FLORIAN, JEAN PIERRE DE, a French novelist and writer of fables; was the friend of Voltaire, from whom he received his first literary impulse; was the author of several romances plays, &c., but his finest work is found in his Fables, in which department of literature he ranks next La Fontaine (1755-1794).
FLORIDA (391), “Land of Flowers,” the most southern of the American States, forms a bold peninsula on the E. side of the Gulf of Mexico, and has on its eastern shore the Atlantic; has a coast-line of 1150 m.; the chief physical feature is the amount of water surface, made up of 19 navigable rivers and lakes and ponds to the number of 1200, besides swamps and marshes; the climate is, however, equable, and for the most part healthy; fruit-growing is largely engaged in; the timber trade flourishes, also the phosphate industry, and cotton and the sugar-cane are extensively cultivated; a successful business in cigar-making has also of recent years sprung up, and there are valuable fisheries along the coast; Florida was admitted into the Union in 1845; the capital is Tallahassee.

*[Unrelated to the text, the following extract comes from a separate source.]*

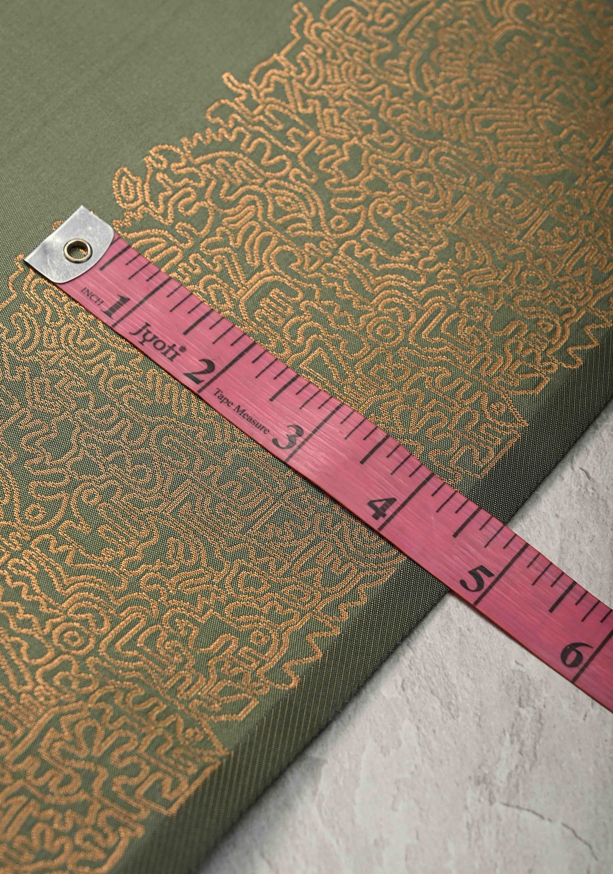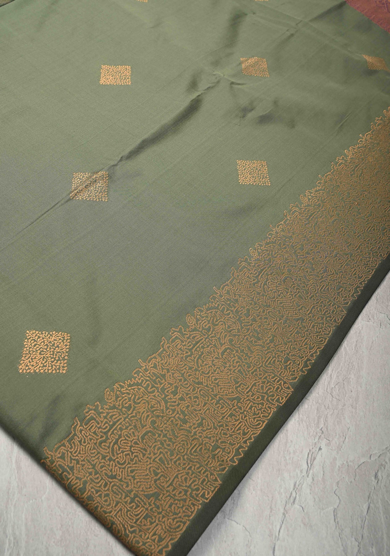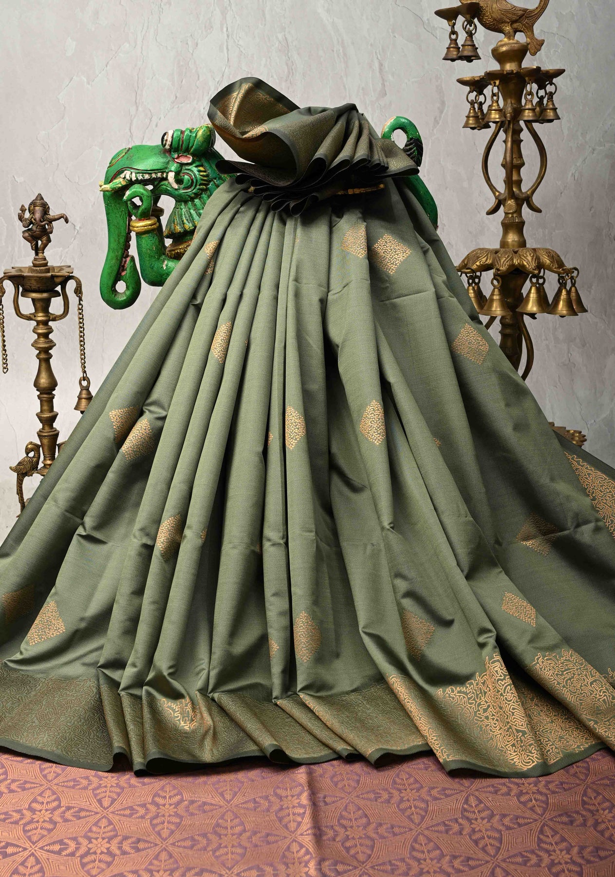 Pickle Green Kanchi Semi Silk Saree with Geometric Motifs and Zari Border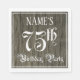 Cette conception sophistiquée et élaborée de serviette en papier sur le thème de l'anniversaire comporte un nom personnalisé et le message "fête du 75e anniversaire". Le grand numéro "75e" et les mots "fête d'anniversaire" sont dans un texte élégant de style script, et l'arrière - plan dispose d'une imitation/faux motif d'inspiration bois. Des serviettes en papier aussi luxueuses et ornementées pourraient être utiles lors d’une fête d’anniversaire ou d’une fête pour célébrer le soixante-quinzième anniversaire de quelqu’un. [~Z0000564]

FLORIO, JOHN, the translator of Montaigne, born in London, of Italian parents; was a tutor of foreign languages for some years at Oxford, and in 1581 became a member of Magdalen College and teacher of French and Italian; published two works of a miscellaneous character, called “First Fruits” and “Second Fruits,” and an English-Italian dictionary called a “World of Words,” but his fame rests on his translation of Montaigne, which Shakespeare used so freely (1553-1625).
FLORUS, a Latin historian, contemporary of Trajan.
FLUDD, ROBERT, physician and theosophist, born at Milgate, Kent; studied at Oxford, and travelled on the Continent, where he came under the influence of Paracelsus’s writings; settled in London as a doctor, and published a work embodying a vague theosophy (1574-1637).
FLUSHING (13), a Dutch seaport, strongly fortified, on the island of Walcheren, at the mouth of the western Scheldt; has an active shipping trade, docks, arsenals, &c.
FLUXIONS, a method, invented by Sir Isaac Newton, of determining the rate of increase or decrease of a quantity or magnitude whose value depends on that of another which itself varies in value at a uniform and given rate. See CALCULUS, DIFFERENTIAL, AND INTEGRAL.